-- Problem to work on --
Would you reproduce the whole listing exactly, minus its images?

-- Extracted entries --
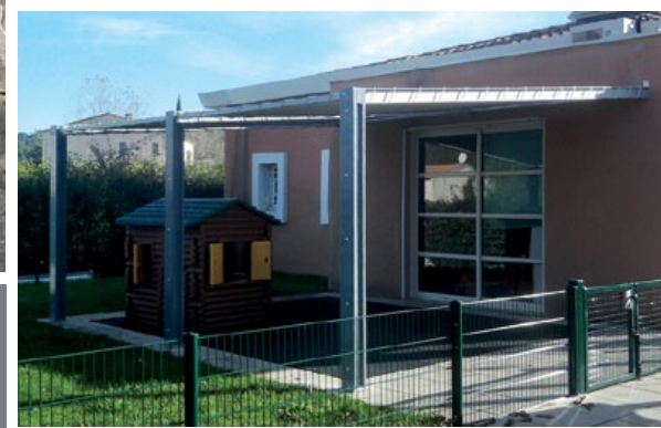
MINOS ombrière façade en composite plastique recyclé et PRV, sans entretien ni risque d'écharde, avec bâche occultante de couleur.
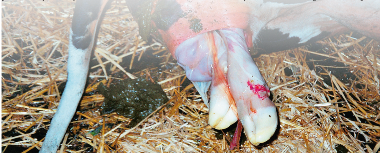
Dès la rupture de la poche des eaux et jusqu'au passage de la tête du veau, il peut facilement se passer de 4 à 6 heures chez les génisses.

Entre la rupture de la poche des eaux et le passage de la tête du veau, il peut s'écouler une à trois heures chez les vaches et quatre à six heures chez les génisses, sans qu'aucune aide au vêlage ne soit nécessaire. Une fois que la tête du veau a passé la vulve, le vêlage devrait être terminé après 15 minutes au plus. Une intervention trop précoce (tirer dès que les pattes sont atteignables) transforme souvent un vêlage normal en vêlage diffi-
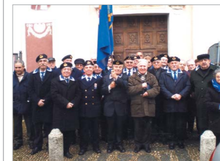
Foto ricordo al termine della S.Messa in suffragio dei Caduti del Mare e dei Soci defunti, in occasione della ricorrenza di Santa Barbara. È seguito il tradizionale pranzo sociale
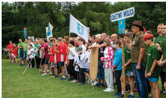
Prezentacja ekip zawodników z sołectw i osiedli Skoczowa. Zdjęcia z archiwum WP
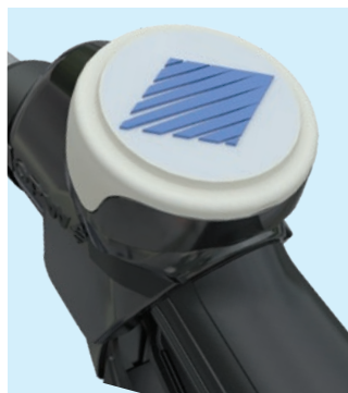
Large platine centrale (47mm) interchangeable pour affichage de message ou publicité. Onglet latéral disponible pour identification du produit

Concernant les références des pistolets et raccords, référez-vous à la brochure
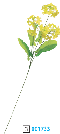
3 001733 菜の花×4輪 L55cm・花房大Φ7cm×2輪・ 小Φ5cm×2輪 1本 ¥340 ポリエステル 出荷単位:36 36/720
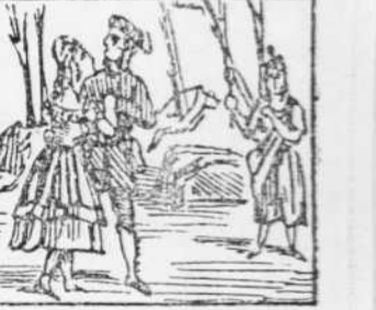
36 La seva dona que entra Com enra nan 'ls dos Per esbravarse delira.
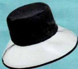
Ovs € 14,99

-- Exercise response --
MINOS ombrière façade en composite plastique recyclé et PRV, sans entretien ni risque d'écharde, avec bâche occultante de couleur.
Dès la rupture de la poche des eaux et jusqu'au passage de la tête du veau, il peut facilement se passer de 4 à 6 heures chez les génisses.

Entre la rupture de la poche des eaux et le passage de la tête du veau, il peut s'écouler une à trois heures chez les vaches et quatre à six heures chez les génisses, sans qu'aucune aide au vêlage ne soit nécessaire. Une fois que la tête du veau a passé la vulve, le vêlage devrait être terminé après 15 minutes au plus. Une intervention trop précoce (tirer dès que les pattes sont atteignables) transforme souvent un vêlage normal en vêlage diffi-
Foto ricordo al termine della S.Messa in suffragio dei Caduti del Mare e dei Soci defunti, in occasione della ricorrenza di Santa Barbara. È seguito il tradizionale pranzo sociale
Prezentacja ekip zawodników z sołectw i osiedli Skoczowa. Zdjęcia z archiwum WP
Large platine centrale (47mm) interchangeable pour affichage de message ou publicité. Onglet latéral disponible pour identification du produit

Concernant les références des pistolets et raccords, référez-vous à la brochure
3 001733 菜の花×4輪 L55cm・花房大Φ7cm×2輪・ 小Φ5cm×2輪 1本 ¥340 ポリエステル 出荷単位:36 36/720
36 La seva dona que entra Com enra nan 'ls dos Per esbravarse delira.
Ovs € 14,99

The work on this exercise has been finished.